*** Input data ***

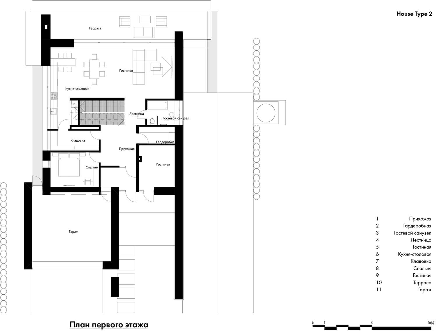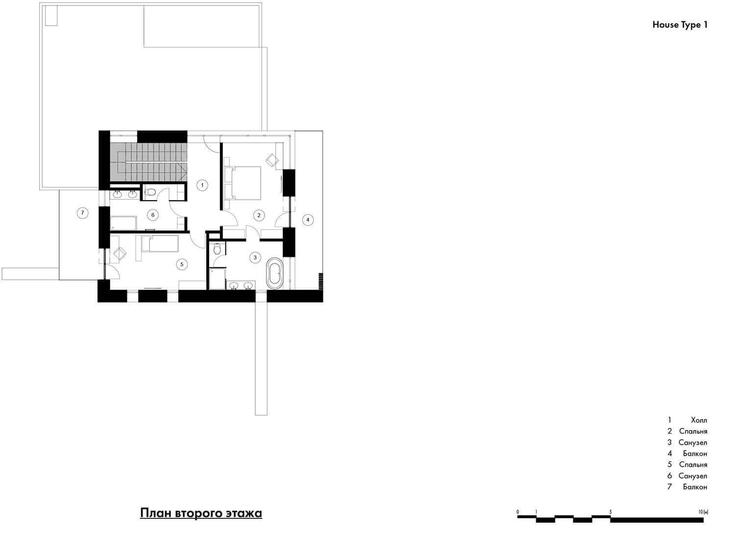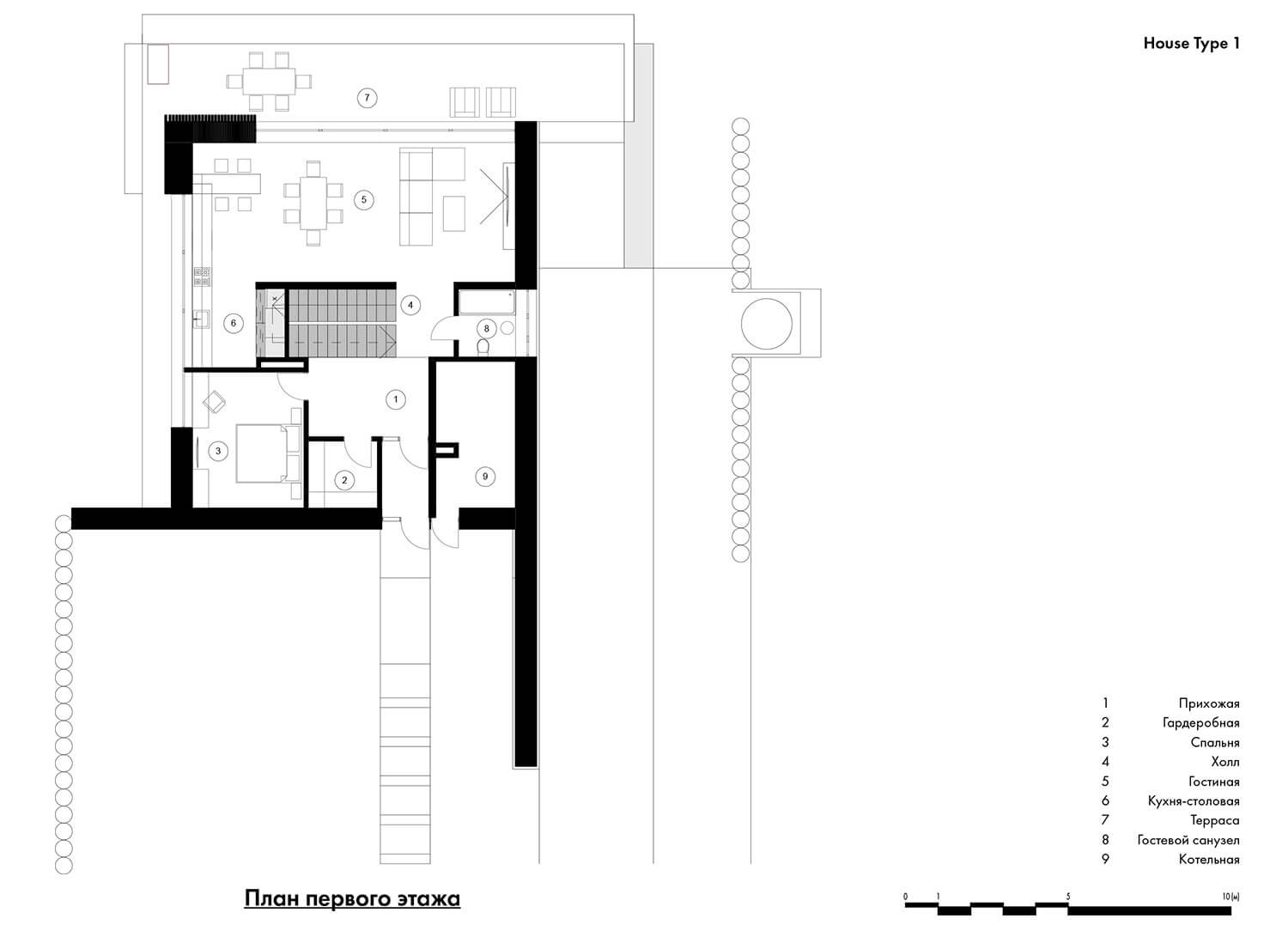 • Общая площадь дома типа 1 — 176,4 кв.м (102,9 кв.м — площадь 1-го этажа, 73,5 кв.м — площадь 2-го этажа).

*** End of Input data ***
*** Input data ***

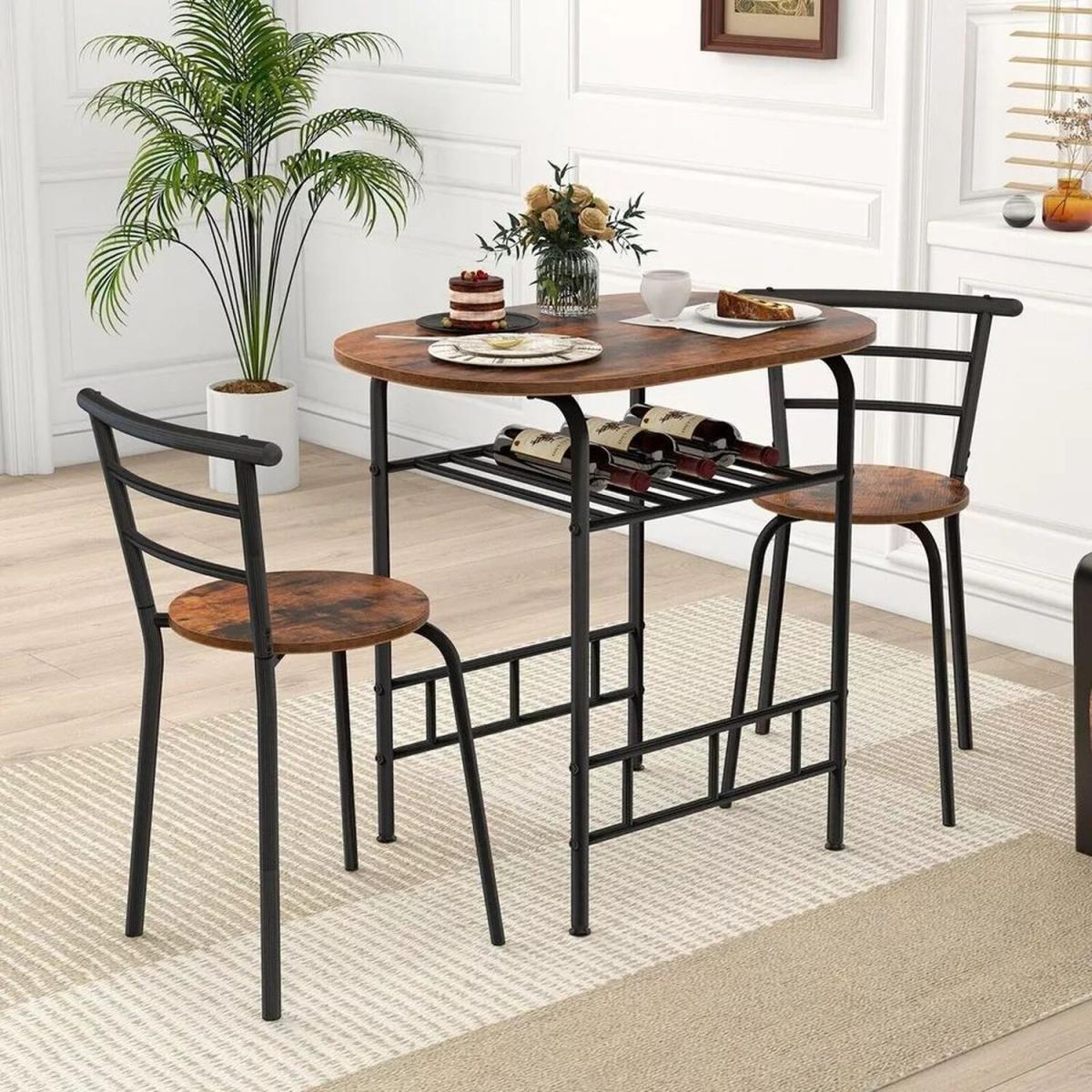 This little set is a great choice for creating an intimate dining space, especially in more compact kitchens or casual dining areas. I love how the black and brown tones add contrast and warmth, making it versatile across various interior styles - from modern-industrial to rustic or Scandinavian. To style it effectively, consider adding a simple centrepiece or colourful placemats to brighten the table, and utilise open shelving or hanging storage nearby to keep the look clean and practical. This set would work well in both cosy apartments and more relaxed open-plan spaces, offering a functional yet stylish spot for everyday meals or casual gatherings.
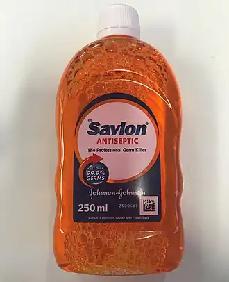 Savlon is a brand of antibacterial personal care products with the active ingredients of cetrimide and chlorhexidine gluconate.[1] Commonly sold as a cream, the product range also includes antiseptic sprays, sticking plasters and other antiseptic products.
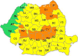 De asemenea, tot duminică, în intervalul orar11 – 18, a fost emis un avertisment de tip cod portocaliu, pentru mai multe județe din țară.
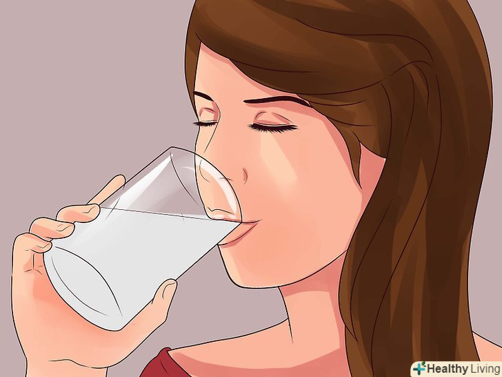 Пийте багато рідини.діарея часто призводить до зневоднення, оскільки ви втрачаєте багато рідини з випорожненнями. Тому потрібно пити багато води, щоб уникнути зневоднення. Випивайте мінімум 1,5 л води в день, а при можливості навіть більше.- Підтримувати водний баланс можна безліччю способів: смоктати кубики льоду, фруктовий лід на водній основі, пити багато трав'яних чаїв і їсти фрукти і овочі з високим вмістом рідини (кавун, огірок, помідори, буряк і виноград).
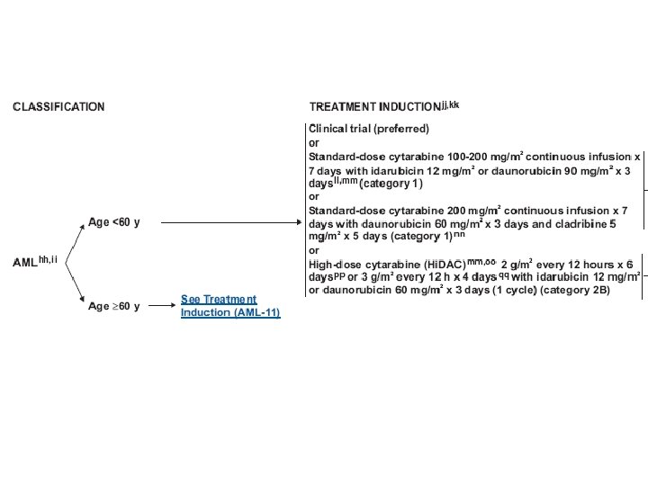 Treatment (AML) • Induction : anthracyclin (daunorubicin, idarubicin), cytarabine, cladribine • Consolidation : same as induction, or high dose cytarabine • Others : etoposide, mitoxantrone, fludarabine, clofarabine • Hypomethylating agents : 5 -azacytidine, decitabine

*** End of Input data ***
*** Input data ***

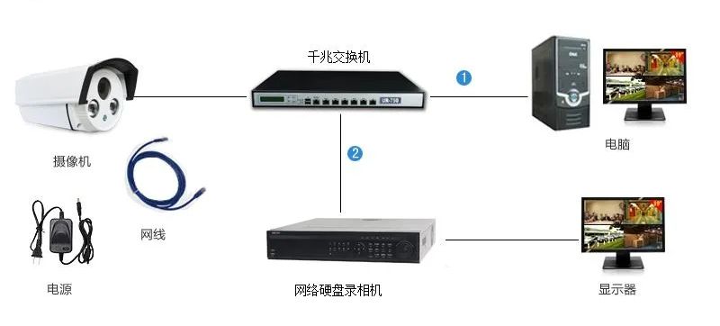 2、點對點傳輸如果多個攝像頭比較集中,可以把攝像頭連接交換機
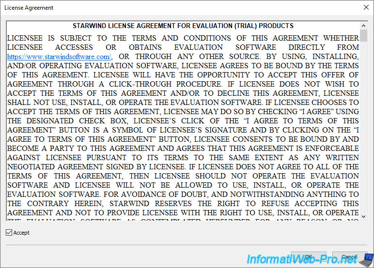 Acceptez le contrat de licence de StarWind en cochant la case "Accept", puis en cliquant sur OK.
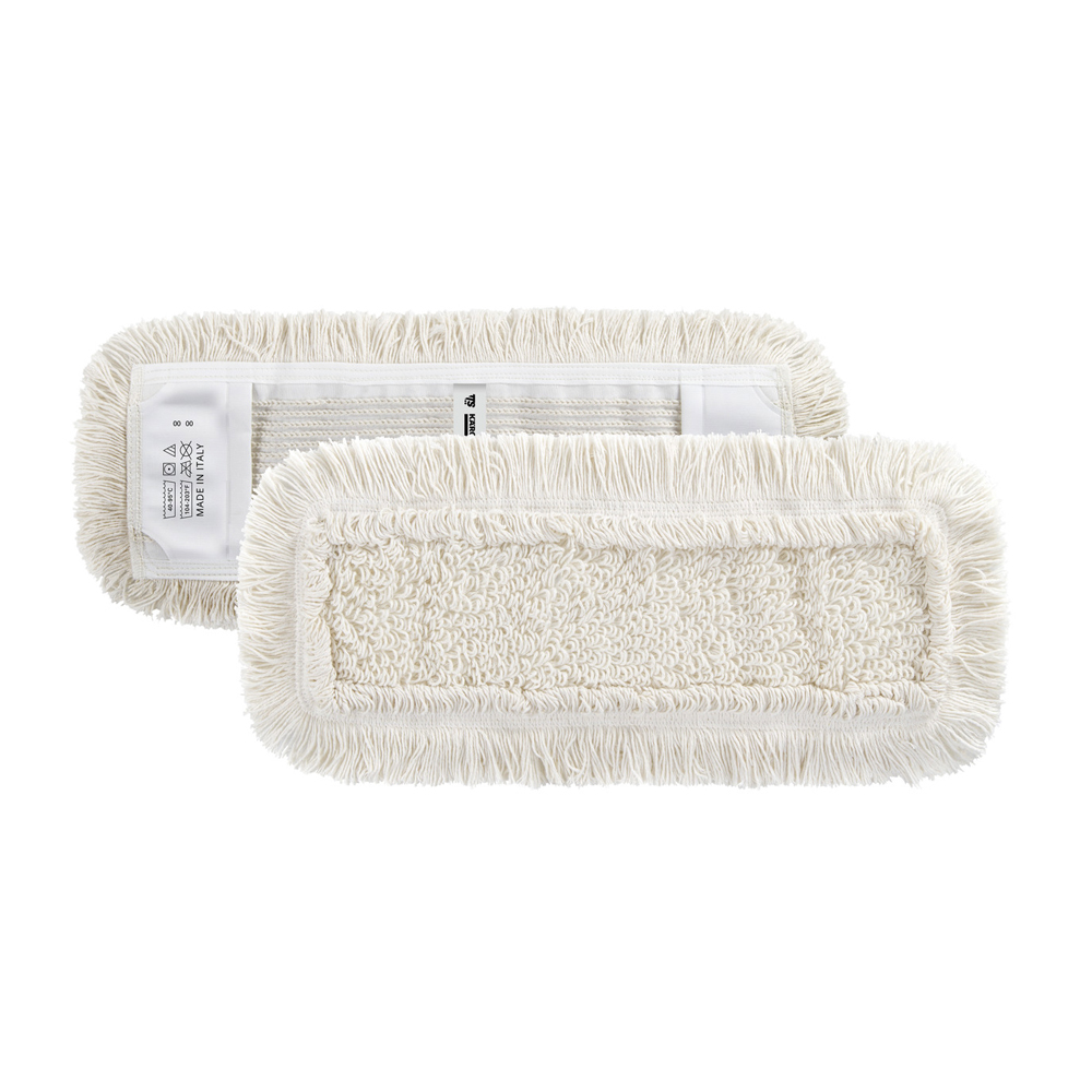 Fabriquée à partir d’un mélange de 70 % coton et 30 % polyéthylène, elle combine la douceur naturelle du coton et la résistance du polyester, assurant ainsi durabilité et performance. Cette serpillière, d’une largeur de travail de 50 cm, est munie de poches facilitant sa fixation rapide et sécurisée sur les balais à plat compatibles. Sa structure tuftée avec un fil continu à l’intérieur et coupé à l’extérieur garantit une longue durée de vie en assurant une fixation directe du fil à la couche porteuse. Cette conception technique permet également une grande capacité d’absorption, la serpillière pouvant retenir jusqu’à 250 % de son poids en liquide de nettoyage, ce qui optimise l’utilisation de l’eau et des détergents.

*** End of Input data ***

> _Exercise_
Using the records above, repeat exactly the run of lines that starts with the line with "2、點對點傳輸如果多個攝像頭比較集中,可以把攝像頭連接交換機" and goes on through the line with "Acceptez le contrat"; omit each picture.

> _Worked solution_
 2、點對點傳輸如果多個攝像頭比較集中,可以把攝像頭連接交換機
 Acceptez le contrat de licence de StarWind en cochant la case "Accept", puis en cliquant sur OK.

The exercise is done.